◆ Task item: Return the lines of the data below starting at the one holding "no Vasco #lanceVAS" and ending at the one holding "Vintage Tan Colorful", word for word, leaving every picture out.

◆ Dataset extract:
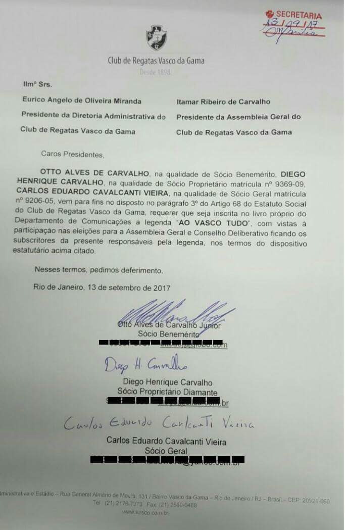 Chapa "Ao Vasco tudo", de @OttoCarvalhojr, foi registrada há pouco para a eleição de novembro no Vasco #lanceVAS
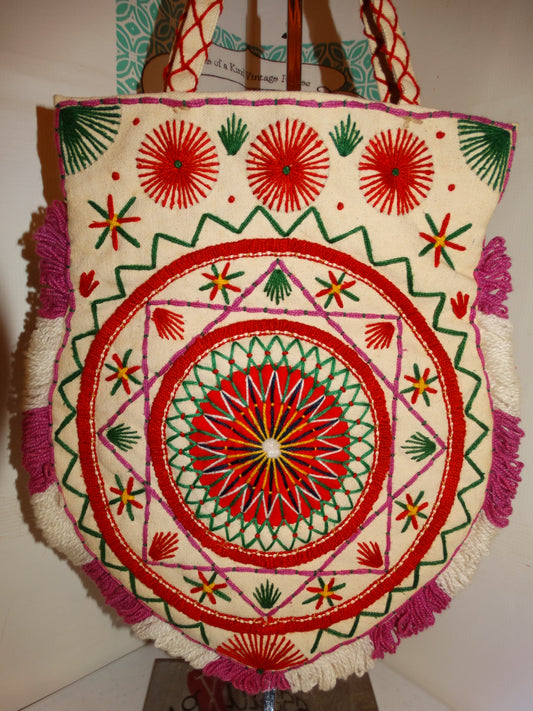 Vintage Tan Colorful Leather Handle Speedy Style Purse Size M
...
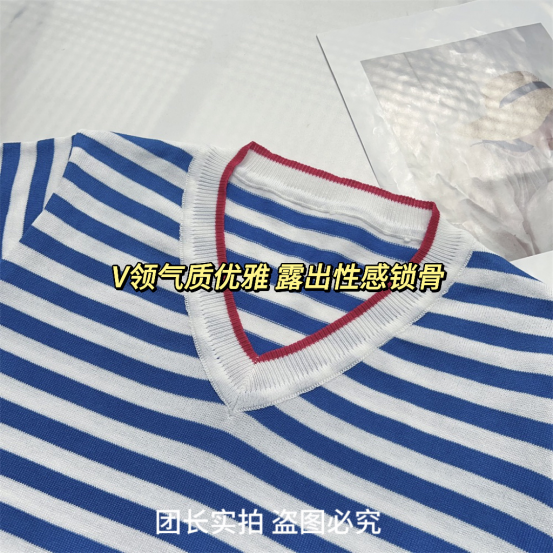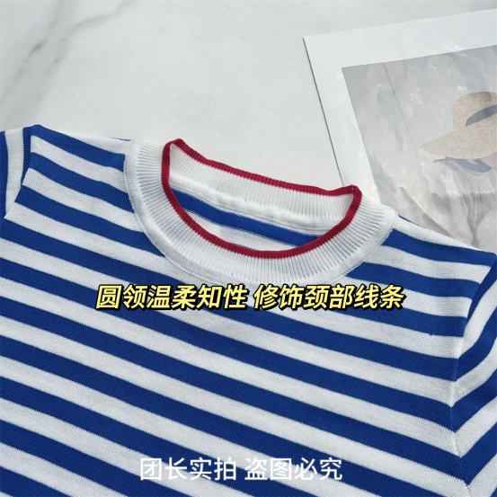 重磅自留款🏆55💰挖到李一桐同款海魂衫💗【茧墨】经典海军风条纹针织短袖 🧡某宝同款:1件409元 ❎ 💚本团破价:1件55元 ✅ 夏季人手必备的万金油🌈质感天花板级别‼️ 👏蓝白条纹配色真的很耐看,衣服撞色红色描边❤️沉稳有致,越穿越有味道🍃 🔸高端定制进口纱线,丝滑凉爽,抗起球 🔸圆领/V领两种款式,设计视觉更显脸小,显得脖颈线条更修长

◆ Answer to this problem:
 Chapa "Ao Vasco tudo", de @OttoCarvalhojr, foi registrada há pouco para a eleição de novembro no Vasco #lanceVAS
 Vintage Tan Colorful Leather Handle Speedy Style Purse Size M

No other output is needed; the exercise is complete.